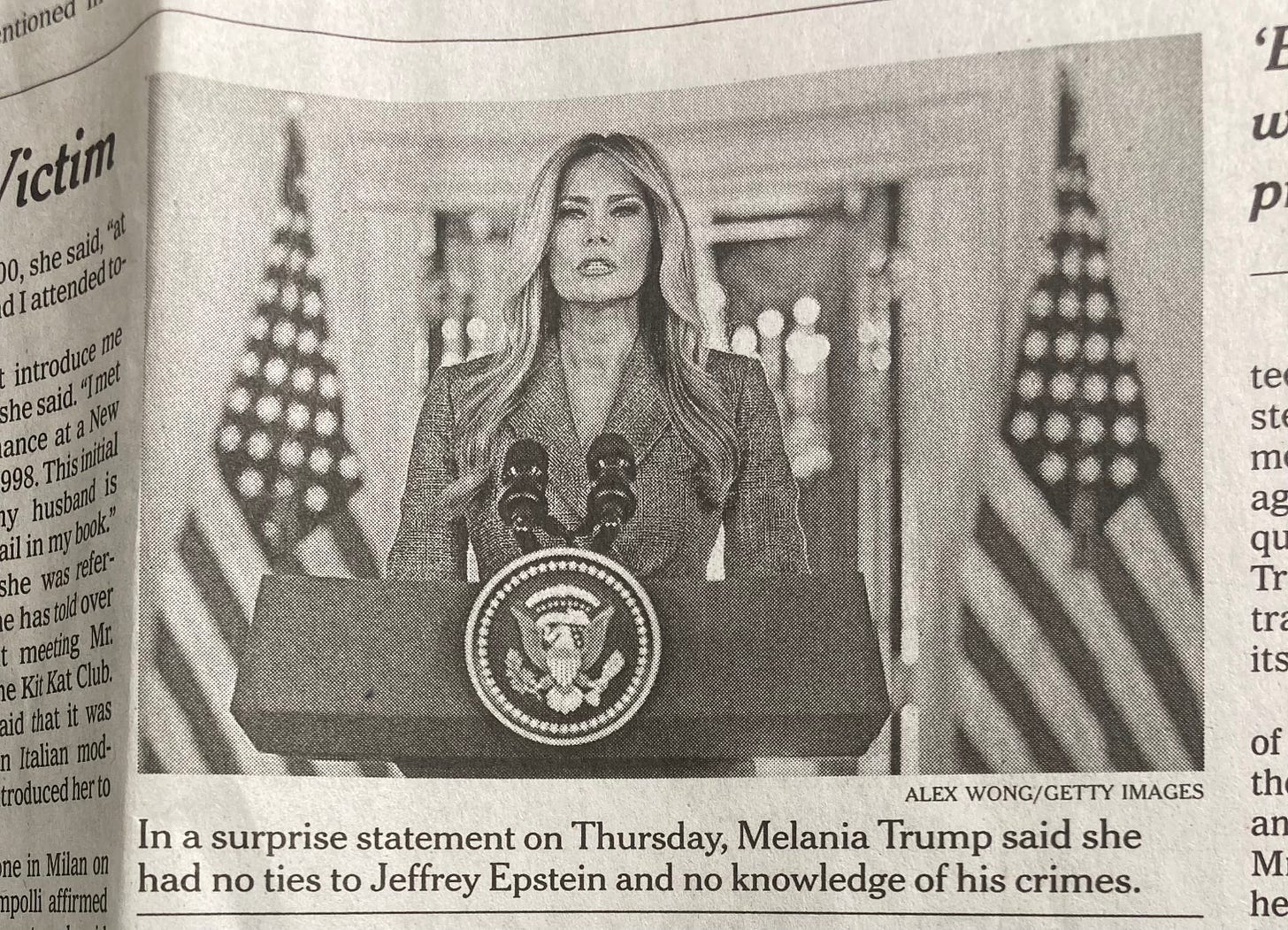 This morning over our Cheerios, as my wife and I were digesting First Lady Melania Trump’s oddball surprise statement about the Epstein scandal, my bride noted: “You’re one of the few men who hasn’t been implicated with this Epstein mess.”
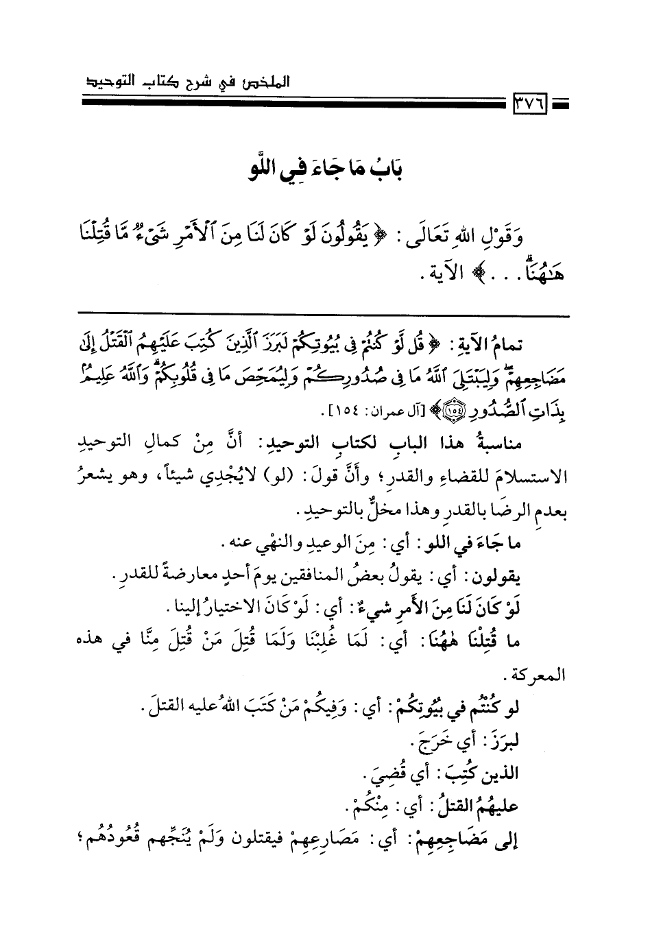 مناسبة هذا الباب لكتاب التوحيد: أن من كمال التوحيد الاستسلام للقضاء والقدر؛ وأن قول "لو" لا يُجدي شيئاً، وهو يشعر بعدم الرضا بالقدر وهذا مخلٌّ بالتوحيد.
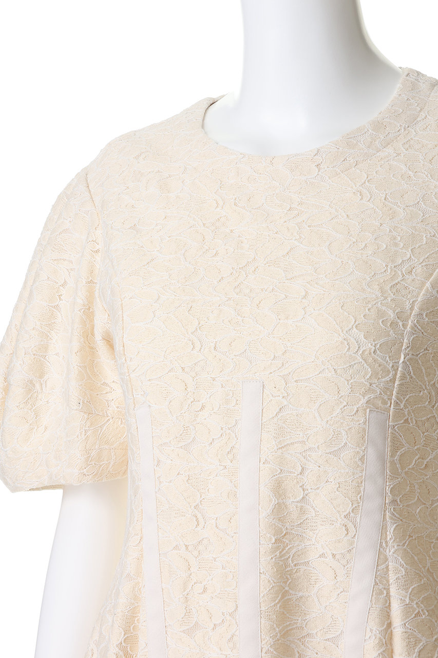 女心を射止めるドレッシーなドレスが登場。裾にかけてふわっと広がるフェミニンなシルエットとボリューム袖がロマンチックムード満点。全体にあしらった繊細なレースデザインが気品と優雅なムードを放ち、オケージョンやおよばれの大本命にぴったり。
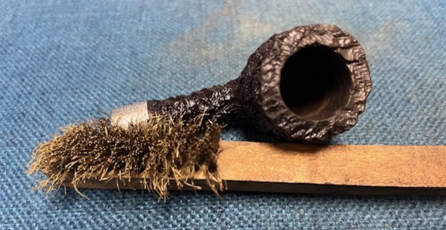 Jeff took photos of the bowl and rim top to show the thin cake in the bowl and the light lava build up on the rusticated rim top and the edges of the bowl. The rim top and edges looked good. Jeff took photos of the top and underside of the stem showing the tooth chatter on an otherwise good looking stem. More would be visible once Jeff cleaned it up.
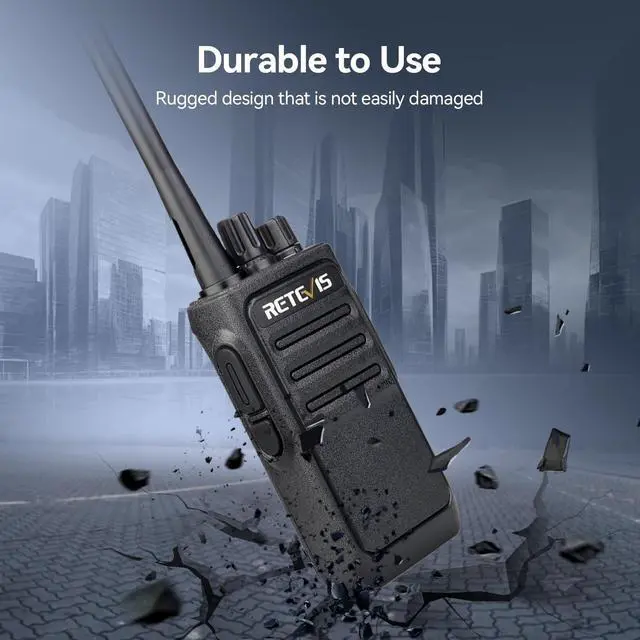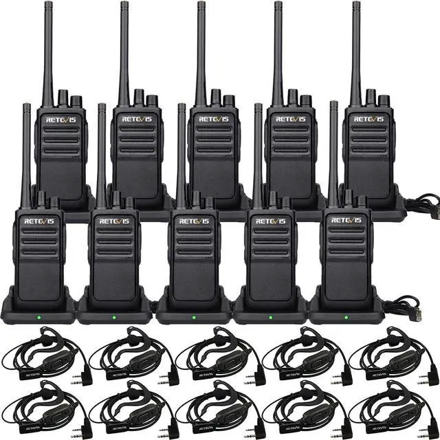 Strong compatibility; license free walkie talkie; 16 channels; can work with other FRS radios with 16 channels on the same channel and the same CTCSS; such as Retevis RT22 RT21 H-777 RT68 etc ^^ Sturdy and well-built two way radios; strong durability; even if it falls from a height of 1 meter; the antenna and button will not fall off; extend the life of the walkie-talkie and improve the work efficiency of school administrators ^^ Walkie talkies long range; the signal can pass through concrete walls with metal buildings; provide you with good range and clear communication; suitable for school; church; restaurants; retail; pet resort; animal hospital; clinik ^^ Rechargeable walkie talkies; 1200mAh Li-ion battery can be used over 10 hours; power saving function extends battery performance; low battery alarm reminds you to charge in time ^^ Two way radio with USB charger base; the base indicator is green when fully charged and red when not fully charged
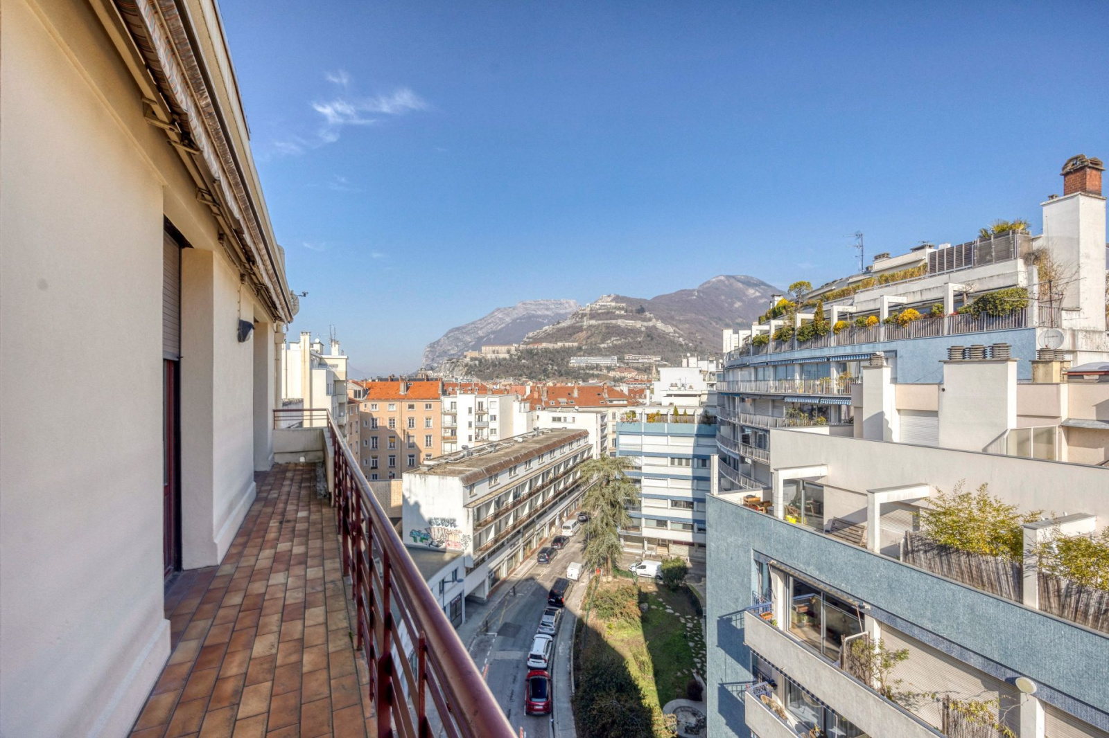 D'un salon et de 2 chambres avec accès sur un magnifique balcon traversant de 9m ( équipé de 3 stores ) avec vue plongeante sur la Bastille!
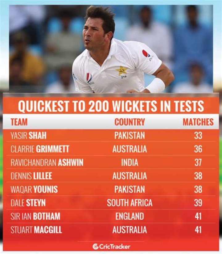 R Ashwin holds the Indian record for the fastest to 200 Test wickets as he got there in his 37th Test while Pakistan leg-spinner Yasir Shah holds the overall record, getting to the milestone in his 33rd Test.
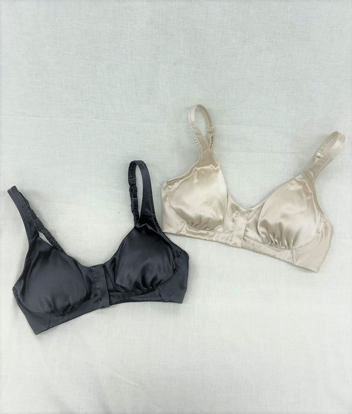 ブラジャーはノンワイヤーでフロントボタン、肌に負担も少なく締め付けも感じにくい仕様、シルクサテンの光沢の良さを引き出すため、レースなどは使用せずミニマルデザインにしあげてあります。
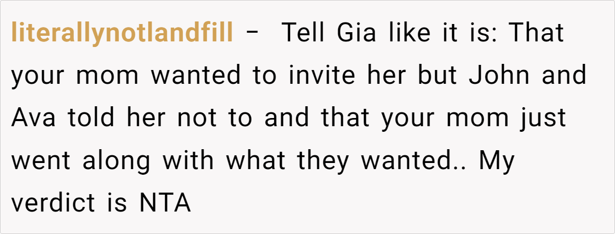 The comments largely support the daughter’s perspective, criticizing the mother’s lack of assertiveness and the brother and sister-in-law’s controlling behavior. Many commenters suggest that the daughter should try to support her sister-in-law directly and encourage her mother to stand up for herself.
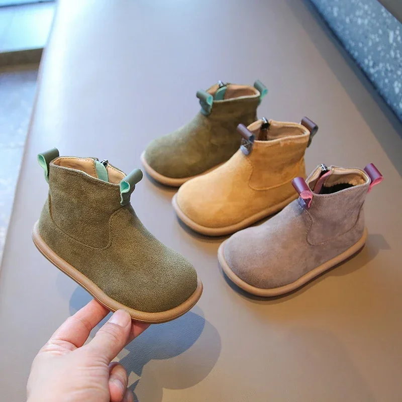 ?Autumn Winter Baby Boys Girls Boots Oxford Suede Children Casual Shoes Outdoor Anti-slip Infant Shoes Plush Kids Ankle Boots

==================================================

Precisely those lines above that run from the line with "مناسبة هذا الباب" up to and including the line with "Jeff took photos of the bowl" are to be set down, with the pictures omitted.

* Response:
 مناسبة هذا الباب لكتاب التوحيد: أن من كمال التوحيد الاستسلام للقضاء والقدر؛ وأن قول "لو" لا يُجدي شيئاً، وهو يشعر بعدم الرضا بالقدر وهذا مخلٌّ بالتوحيد.
 女心を射止めるドレッシーなドレスが登場。裾にかけてふわっと広がるフェミニンなシルエットとボリューム袖がロマンチックムード満点。全体にあしらった繊細なレースデザインが気品と優雅なムードを放ち、オケージョンやおよばれの大本命にぴったり。
 Jeff took photos of the bowl and rim top to show the thin cake in the bowl and the light lava build up on the rusticated rim top and the edges of the bowl. The rim top and edges looked good. Jeff took photos of the top and underside of the stem showing the tooth chatter on an otherwise good looking stem. More would be visible once Jeff cleaned it up.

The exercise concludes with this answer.